Umweltgruppen wie „Bund“ und Greenpeace sowie die Grünen fordern ein Verbot von Glyphosat. Das Herbizid ist aus mehreren Gründen im Fadenkreuz der Kritiker. Glyphosat ist das am meisten verbreitete Herbizid (Jahresproduktion 2012: mehr als 700 000 Tonnen). Es blockiert ein pflanzliches Enzym, das für die Herstellung bestimmter Aminosäuren zuständig ist.

Pflanzen können gentechnisch gegen die Glyphosat-Attacke geschützt werden, so dass das Mittel auch beim Einsatz dieser umstrittenen Technik eine Schlüsselrolle spielt. Und schließlich gilt der Wirkstoff als relativ wenig giftig, verglichen mit anderen Pflanzenschutzmitteln. Ein Glyphosat-Verbot könnte dieser Logik zufolge bedeuten, andere Pestizide „erst recht“ zu verbieten und so der vermeintlich „chemiefreien“ Bio-Landwirtschaft Auftrieb geben.

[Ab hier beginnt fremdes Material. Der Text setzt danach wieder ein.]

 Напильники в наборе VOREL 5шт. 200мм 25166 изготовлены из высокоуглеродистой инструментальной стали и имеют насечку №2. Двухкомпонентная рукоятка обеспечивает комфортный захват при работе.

Grundlage der Efsa-Entscheidung zu Glyphosat war ein Bericht des Bundesinstituts für Risikobewertung (BfR) in Berlin vom Frühjahr 2015. Das Bundesinstitut kam zu dem Schluss, dass kein Krebsrisiko besteht. Die Efsa ist dem Befund des BfR weitgehend gefolgt. Hätte sie sich der Ansicht der UN-Krebsagentur IARC angeschlossen, wäre Glyphosat vom europäischen Markt verschwunden. So bleibt womöglich fast alles beim alten.

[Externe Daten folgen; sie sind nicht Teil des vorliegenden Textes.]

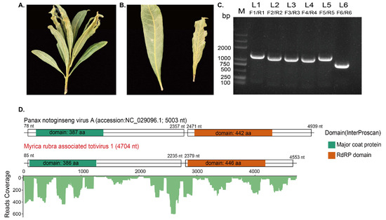 To investigate potentially causing pathogens, the leaves of the Chinese bayberry tree (Myrica rubra) exhibiting chlorotic and notched leaf edge symptoms were collected and recorded (Figure 1A,B). Leaves showing disease symptoms were ground in liquid nitrogen and used to extract the total RNAs for metatranscriptome sequencing. Before transcriptome sequencing, ribosome-RNAs were depleted from the sample. The rRNA-depleted total RNA sequencing produced a total of 99,450,902 raw reads. Following quality control procedures, 98,298,500 clean reads were retained and subjected to the de novo assembly. After the de novo assembly process and removal of the redundancy contigs, 200,274 contigs were retained for the downstream analysis (max length: 16,236 bp, min length: 200 bp, N50: 635 bp). The assembled sequences obtained from the de novo assembly were subjected to the BLASTx search against the NCBI NR database to identify the potential viral contigs. As a result, two protein sequences deduced from the assembled sequence are found to be annotated with viruses within the family Totiviridae with a credible similarity. Interestingly, when the corresponding viral contigs were subjected to a BLASTn search in the NCBI NT database, no significant matches or similarities were found at the nucleotide level, suggesting that these contigs may represent the novel viral sequence.

"Skandal", "Verharmlosung", "Ignoranz" urteilen Umweltverbände

Dementsprechend unfreundlich fielen die ersten Stellungnahmen von Umweltgruppen aus. Die Entscheidung sei ein „Skandal“, kommentierten die „Naturfreunde Deutschlands“. Der „Bund“ warf der Efsa Verharmlosung und „unglaubliche Ignoranz“ vor. Besonders verwerflich sei, dass die „täglich akzeptierte Dosis für die Aufnahme des Wirkstoffes durch den Menschen von 0,3 Milligramm auf 0,5 Milligramm pro Kilo Körpergewicht angehoben“ werden solle, hieß es in einer Mitteilung des „Bund“.

Die Efsa begründet ausführlich, warum sie sich der Ansicht der IARC nicht angeschlossen hat. Zum einen hat die IARC auch Studien zu „Formulierungen“ berücksichtigt, also zu Produkten, die neben Glyphosat weitere Mittel enthalten. Solche Mischungen verschiedener Chemikalien haben andere Effekte als ein „reiner“ Wirkstoff. Geprüft wurde von der Efsa lediglich Glyphosat selbst, für die verschiedenen Pflanzenschutzmittel gibt es eigene Genehmigungen.

Hochdosisversuche mit Glyphosat sind umstritten

Unterschiedlicher Meinung waren WHO und EU auch bei der Auslegung von Tierversuchen mit Glyphosat. So fanden sich aus Sicht der Efsa in neun Langzeitstudien mit Ratten keine bedeutsamen Hinweise auf ein erhöhtes Tumorrisiko. Zumindest bei zwei Untersuchungen sahen die Gutachter der WHO das anders. Auch bei Tests an Mäusen war man anderer Ansicht. Während die IARC bei Nagern Anhaltspunkte für Krebsgefahr durch regelmäßige Glyphosatzufuhr ausmachte, führte die Efsa die Effekte auf die extrem hohe Dosis zurück. Diese habe zu allgemeinen Vergiftungserscheinungen geführt, von denen nicht auf krebserzeugendes Potential geschlossen werden dürfe.

Weit auseinander liegen die Experten bei der Einschätzung, ob das Herbizid die Erbinformation schädigen kann, also „genotoxisch“ ist – ein wichtiges Indiz für ein Krebsrisiko. Die Efsa sieht dafür keine stichhaltigen Anhaltspunkte. Die IARC hält es für so gut wie gesichert. Ebenfalls anderer Meinung ist man bei der Frage, ob Studien in der Bevölkerung auf eine erhöhte Tumorgefahr durch Glyphosat hindeuten. Die WHO-Fachleute sehen Anzeichen dafür, die Efsa nicht. Kontroverser geht es nicht. Nun muss die Politik entscheiden, wem sie vertrauen will.